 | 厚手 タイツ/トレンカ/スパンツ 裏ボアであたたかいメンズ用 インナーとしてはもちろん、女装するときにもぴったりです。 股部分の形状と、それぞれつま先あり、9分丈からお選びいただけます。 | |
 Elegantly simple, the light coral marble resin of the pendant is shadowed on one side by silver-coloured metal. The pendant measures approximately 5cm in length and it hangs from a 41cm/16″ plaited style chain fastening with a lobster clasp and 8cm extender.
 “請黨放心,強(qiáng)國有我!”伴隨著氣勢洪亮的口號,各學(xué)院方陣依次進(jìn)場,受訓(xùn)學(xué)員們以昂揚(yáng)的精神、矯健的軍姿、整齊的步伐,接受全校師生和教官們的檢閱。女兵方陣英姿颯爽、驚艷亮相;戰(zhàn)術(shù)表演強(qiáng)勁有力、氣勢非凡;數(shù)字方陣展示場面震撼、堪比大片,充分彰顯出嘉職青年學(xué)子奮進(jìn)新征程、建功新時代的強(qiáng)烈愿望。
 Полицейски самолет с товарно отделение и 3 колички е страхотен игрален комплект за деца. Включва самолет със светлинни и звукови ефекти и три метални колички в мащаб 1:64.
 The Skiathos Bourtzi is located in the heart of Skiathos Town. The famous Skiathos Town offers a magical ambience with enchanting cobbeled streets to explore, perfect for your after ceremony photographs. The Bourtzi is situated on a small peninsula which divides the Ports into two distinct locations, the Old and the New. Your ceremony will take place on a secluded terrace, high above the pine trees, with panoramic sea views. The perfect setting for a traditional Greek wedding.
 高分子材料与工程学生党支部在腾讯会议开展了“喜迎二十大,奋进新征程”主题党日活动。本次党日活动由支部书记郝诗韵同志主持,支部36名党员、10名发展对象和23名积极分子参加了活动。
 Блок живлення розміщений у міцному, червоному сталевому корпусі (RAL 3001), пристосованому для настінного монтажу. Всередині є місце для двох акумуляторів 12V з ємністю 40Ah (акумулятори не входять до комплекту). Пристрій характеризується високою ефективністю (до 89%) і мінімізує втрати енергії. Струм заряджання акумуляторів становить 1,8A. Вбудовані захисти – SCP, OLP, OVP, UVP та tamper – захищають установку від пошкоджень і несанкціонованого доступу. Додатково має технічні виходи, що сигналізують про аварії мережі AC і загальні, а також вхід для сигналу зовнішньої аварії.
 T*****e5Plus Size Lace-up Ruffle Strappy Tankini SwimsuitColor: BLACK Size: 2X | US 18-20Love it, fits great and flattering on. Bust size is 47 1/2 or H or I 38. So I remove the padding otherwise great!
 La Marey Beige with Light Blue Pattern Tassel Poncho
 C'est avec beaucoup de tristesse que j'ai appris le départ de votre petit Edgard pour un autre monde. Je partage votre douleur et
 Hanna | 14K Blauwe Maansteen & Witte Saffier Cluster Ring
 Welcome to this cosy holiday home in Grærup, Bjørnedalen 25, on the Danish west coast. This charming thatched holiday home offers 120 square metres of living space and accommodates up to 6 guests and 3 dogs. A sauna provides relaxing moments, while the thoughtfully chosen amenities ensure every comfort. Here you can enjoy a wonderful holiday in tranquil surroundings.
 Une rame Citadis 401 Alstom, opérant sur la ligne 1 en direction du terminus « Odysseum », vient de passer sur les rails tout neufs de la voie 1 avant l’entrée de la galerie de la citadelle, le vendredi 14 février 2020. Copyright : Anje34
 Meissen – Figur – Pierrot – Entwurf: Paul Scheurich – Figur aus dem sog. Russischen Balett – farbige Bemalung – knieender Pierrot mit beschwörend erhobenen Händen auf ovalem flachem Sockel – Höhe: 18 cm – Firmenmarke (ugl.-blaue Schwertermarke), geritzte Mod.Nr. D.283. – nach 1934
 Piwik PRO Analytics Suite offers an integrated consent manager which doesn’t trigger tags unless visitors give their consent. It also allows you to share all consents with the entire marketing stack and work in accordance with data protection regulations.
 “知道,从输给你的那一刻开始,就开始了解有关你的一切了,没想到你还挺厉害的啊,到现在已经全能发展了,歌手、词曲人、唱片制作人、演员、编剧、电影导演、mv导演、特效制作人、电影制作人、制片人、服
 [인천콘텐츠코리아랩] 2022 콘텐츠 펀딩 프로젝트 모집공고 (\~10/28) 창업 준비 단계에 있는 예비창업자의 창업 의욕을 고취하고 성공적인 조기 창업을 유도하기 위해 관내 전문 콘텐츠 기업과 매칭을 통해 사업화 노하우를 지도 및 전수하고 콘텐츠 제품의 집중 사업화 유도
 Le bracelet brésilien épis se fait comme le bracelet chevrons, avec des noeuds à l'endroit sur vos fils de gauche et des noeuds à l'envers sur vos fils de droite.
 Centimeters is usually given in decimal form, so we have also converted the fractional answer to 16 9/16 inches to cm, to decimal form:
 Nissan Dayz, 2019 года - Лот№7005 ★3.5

------------------------------------------------

#### To do:
For the records above, state the number of lines that include the string "with" and add nothing.

#### Output below:
4